If the numbers of patients of the two types (r = 1, 2) who arrive at times $u_{1}$ and $u_{2},$ are independent Poisson random variables with means $λ_{1, 1}, λ_{1, 2}, λ_{2, 1}$ and $λ_{2, 2},$ then by the decomposition property of Poisson processes, each $N_{s} (r, j, t)$ has a Poisson distribution with mean: $E [N_{s} (r, j, t)] = λ_{r, j} θ_{r, j}$ And, as the sum of independent Poisson distributions, $N_{s} (t)$ has a Poisson distribution with mean: $E [N_{s} (t)] = \sum_{r = 1}^{2} \sum_{j = 1}^{2} λ_{r, j} θ_{r, j}$
If the numbers of patients of the two types (r = 1, 2) who arrive at times $u_{1}$ and $u_{2},$ are a combination of independent general distributions for the type 1 patients (for example) and Poisson distributions for the type 2 patients, then as argued in 2.1.2(iii), $N_{s} (t)$ will be the sum of four independent random variables, two being mixtures of Binomial distributions and two being Poisson distributions. Furthermore, the arguments in 2.1.2(iii) can be generalised, and the distribution of $N_{s} (t)$ can be obtained as the convolution of distributions, with mean and variance found using the obvious extension of the formulae in 2.1.2(iii).

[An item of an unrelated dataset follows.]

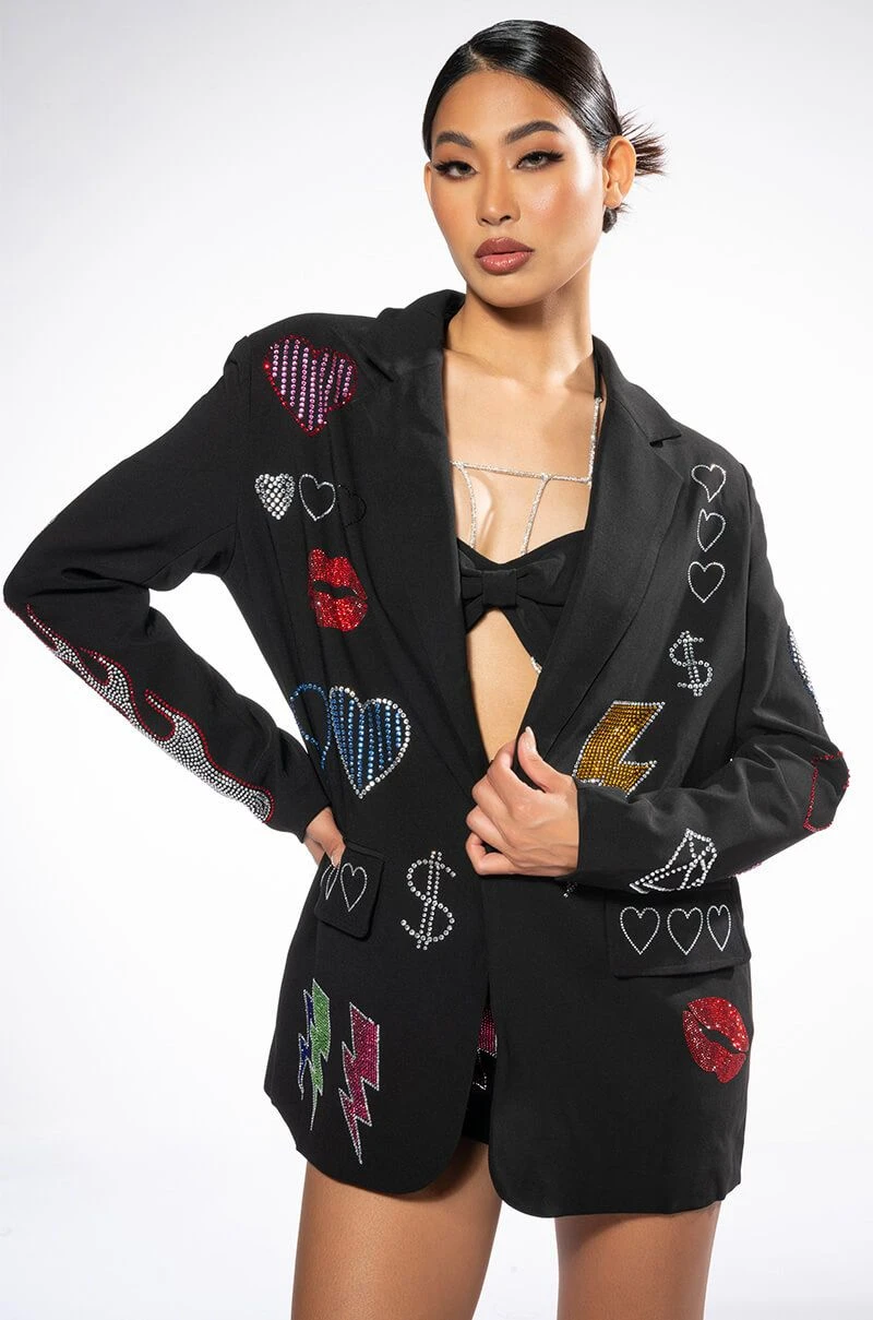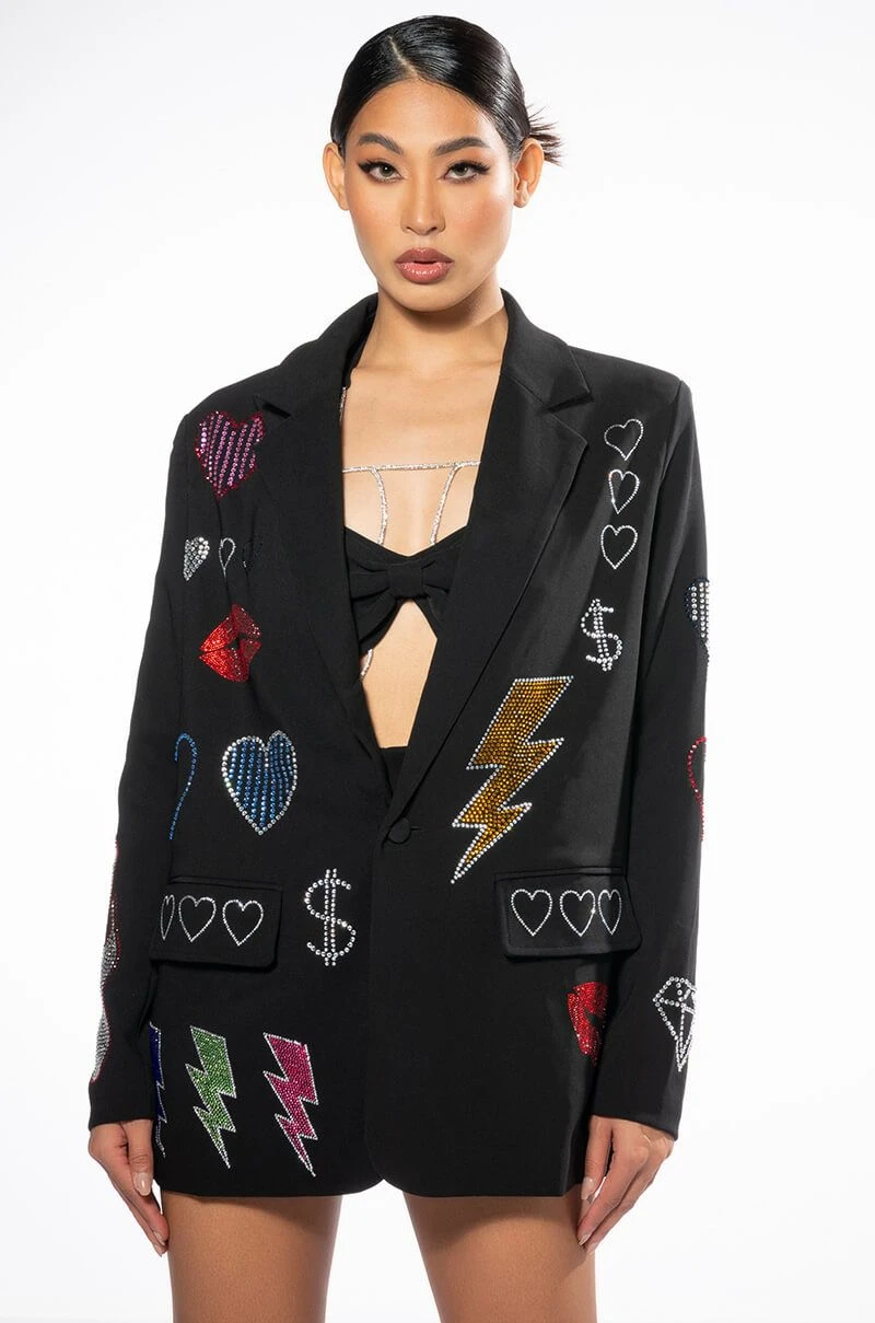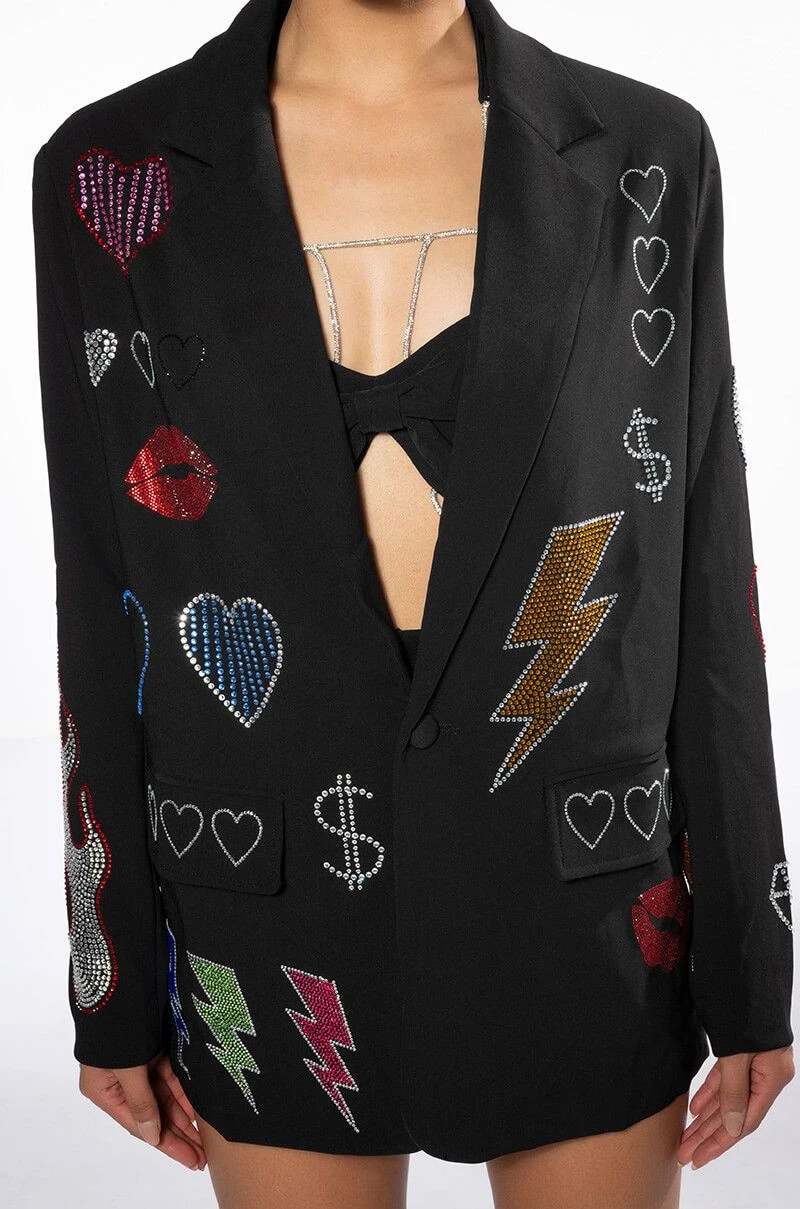 The AKIRA Label Flashing Lights Rhinestone Embellished Blazer is made from a classic blazer fabrication and features a notch collar, padded shoulders, long sleeves, multicolor emoji-shaped rhinestone embellishments, front flap pockets, light polyester lining, and a single front button closure. Pair this piece with the matching AKIRA Label Flashing Lights Rhinestone Rope Bralette and Flashing Lights Rhinestone Embellished Booty Short to complete your look.

2.1.4. R types of patients (r = 1, …, R), J arrival times $u_{1},$ $u_{2}$ …, $u_{J}$

Generalising the results in 2.1.3, we now consider R types of patients (r = 1, …, R) who arrive at J times $u_{1},$ $u_{2}$ …, $u_{J},$ and use $θ_{r, j}$ to denote $p_{s} (r, u_{j}, t) .$

If the numbers of arrivals of patients of type r (r = 1, …, R) at times $u_{j}$ (j = 1, …, J) are independent random variables $X_{r, j},$ each of which takes values 0, 1, 2, …, K with probabilities $\{q_{r, j, 0}, q_{r, j, 1}, q_{r, j, 2} \dots q_{r, j, K}\},$ then $N_{s} (t)$ is the sum of the $R \times J$ independent random variables $N_{s} (r, j, t),$ where, as in 2.1.3(i), each $N_{s} (r, j, t)$ is a mixture of Binomial distributions, i.e., $N_{s} (r, j, t) \sim \{\begin{matrix} \begin{matrix} B in (0, θ_{r, j}) with prob = q_{r, j, 0} \\ B in (1, θ_{r, j}) with prob = q_{r, j, 1} \end{matrix} \\ \begin{matrix} \dots \dots \dots \dots \dots \dots \dots \dots . \\ B in (K, θ_{r, j}) with prob = q_{r, j, K} \end{matrix} \end{matrix} for r = 1, \dots, R; j = 1, \dots, J$ As before, each of the $R \times J$ mixture distributions is well defined, with means and variances for r = 1, .R and j = 1, .J: $E [N_{s} (r, j, t)] = E [X_{r, j}] θ_{r, j}$ $Var [N_{s} (r, j, t)] = E [X_{r, j}] θ_{r, j} (1 - θ_{r, j}) + θ_{r, j}^{2} V ar [X_{r, j}]$ And hence the full distribution can be obtained as the convolution of the $R \times J$ separate mixture distributions, and its mean and variance are: $E [N_{s} (t)] = \sum_{r = 1}^{R} \sum_{j = 1}^{J} E [N_{s} (r, j, t)]$ $Var [N_{s} (t)] = \sum_{r = 1}^{R} \sum_{j = 1}^{J} Var [N_{s} (r, j, t)]$
If the numbers of arrivals of patients type r (r = 1, …, R) at time $u_{j}$ (j = 1, …, J) are independent Poisson random variables with means $λ_{r, j},$ then as in 2.1.3(ii), each $N_{s} (r, j, t)$ has a Poisson distribution with mean: $E [N_{s} (r, j, t)] = λ_{r, j} θ_{r, j}$ And $N_{s} (t)$ has a Poisson distribution with mean: $E [N_{s} (t)] = \sum_{r = 1}^{R} \sum_{j = 1}^{J} λ_{r, j} θ_{r, j}$
As argued in 2.1.3(iii), if the numbers of patients of the R types who arrive at the J times are a combination of independent general distributions for some patient types and Poisson distributions for the other patient types, then $N_{s} (t)$ will be the sum of $R \times J$ independent random variables, some being mixtures of Binomial distributions and the remainder being Poisson distributions. Furthermore, the same arguments can be further generalised, and the distribution of $N_{s} (t)$ can again be obtained as the convolution of known distributions, some mixtures of Binomials and some Poisson, with mean and variance obtained from the obvious extensions of the formulae in 2.1.2(iii).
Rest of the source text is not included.